If you’re not familiar with bothies, they’re a network of free-to-use shelters dotted among the uplands of the UK. Few are purpose-built, and they all have quirky background stories and sometimes even quirkier inhabitants that got there before you. They’re lovely in their own slightly foosty way (look it up), and once I spied its outline on the glen floor, I kept my nostrils alert for the scent of a wood fire, hoping that someone had walked in with firewood and warmed the place up. Instead, I found it empty, which is unusual for such a popular stop-off point right in the heart of the Cairngorms. The moon lit the way for the few kilometres remaining, and I spent the evening following the soothing rituals of melting snow, eating multiple dinners and reading a good book, feeling tucked up in the open spaces and silhouetted mountains that surrounded me.

Since the snow levels were uninspiring, I planned to return the next day via a lovely arête on Sgor an Lochain Uaine (pointed peak of the green lake). As the name suggests, the ridge overlooks a perfect glacial coire (cirque) in which is nestled a round, blue-green little lochain. Low cloud had formed overnight, and it drifted around my head as I practised my kick turns on the steep pull up to the frozen lochain, before switching to crampons for the climb up the arête. 

The snow on the route had the wonderful twin properties of being deep enough to conceal the fractured granite blocks that form it, while also being completely unsupportive of my weight. Instead of the easy yomp that it offers in summer or (good) winter conditions, I tottered around like a kid trying on their mum’s high heels for the first time, one crampon point at a time finding purchase, and was very glad that there was no one there to see it. On the summit plateau, the fog and wind politely suggested I keep moving, and I was starting to wonder if this was all a bit more effort than it was worth as I stomped across wind-blasted rocks in search of enough snow to put my skis back on. Making lemonade from the lemons, I practised skinning on a bearing to summit the rounded back of Carn na Criche (cairn of the boundary), before taking a new bearing to try one last throw of the dice, a shallow stream line that ‘should’ have been a deposition zone after the week’s consistent northwesterly winds.
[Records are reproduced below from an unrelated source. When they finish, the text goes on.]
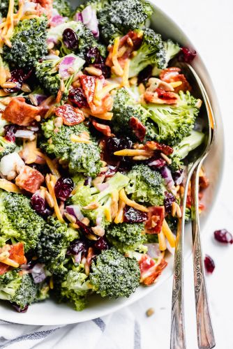 Make broccoli fun to eat again by using it as the base of a delish salad dish with salty bacon, cheddar cheese, dried cranberries and more. Tossed in a creamy 3-ingredient dressing, it's got all the help it needs in the flavor department. Get the recipe here.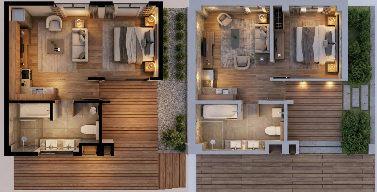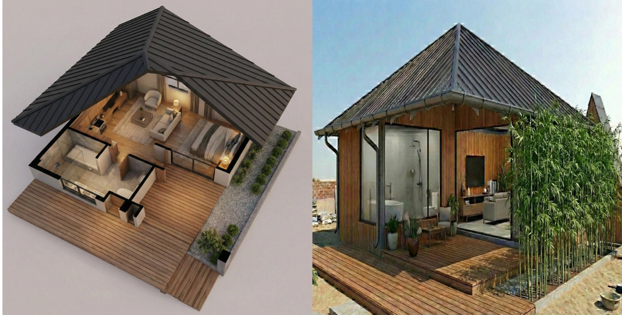 The Cottage – 2nd Floor features a king bed and open terrace, perfect for couples. Enjoy Beach & Sunrise views and a romantic moonlight dinner.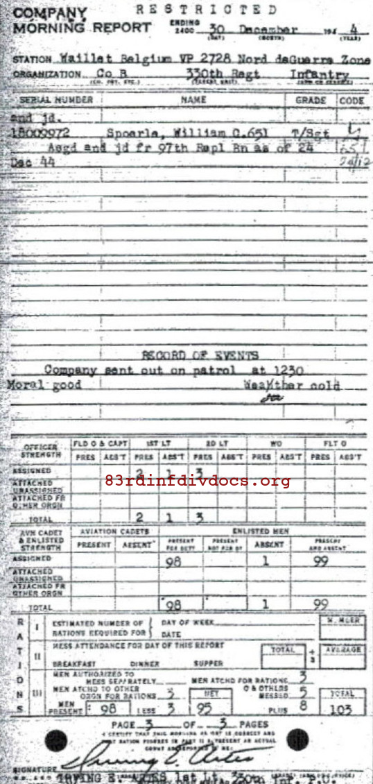 Ompany sent out on patrol at 1230. Moral good. Weather cold.

I wasn’t holding out much hope, but that is exactly how Scotland gets you. I was having a nice time, but really, it was in spite of the conditions rather than because of them, until I popped out below the cloud layer into a flash of low winter sun and the cruisy, powder-filled line in front of me. It could be one good day in ten or even one good hour in a day, but when the going here is good, it makes all the getting feel instantly worthwhile. All is forgiven and forgotten for just one bouncy run, with no one to share the mountain with but the setting sun. As I raced the sunset back across the Moíne Mhor, I thought that maybe the situation makes a good boss — it sets the timetable, makes you put down unimportant things, and get after it with no time for second thoughts. It keeps you opportunistic, optimistic, and grateful. And it’s by no means a harsh master. After the skin back across the lower plateau, I hit the final 700 meters of descent down into the glen on lines of good snow that just never quite seemed to peter out completely, leading back through pine and birch saplings into the woods and the shortest of walks back to my starting point. All in all, the day had turned out far better than it had any right to. Far better than if I had spent it sitting on the sofa, certainly. 

The situation knows what’s good for you.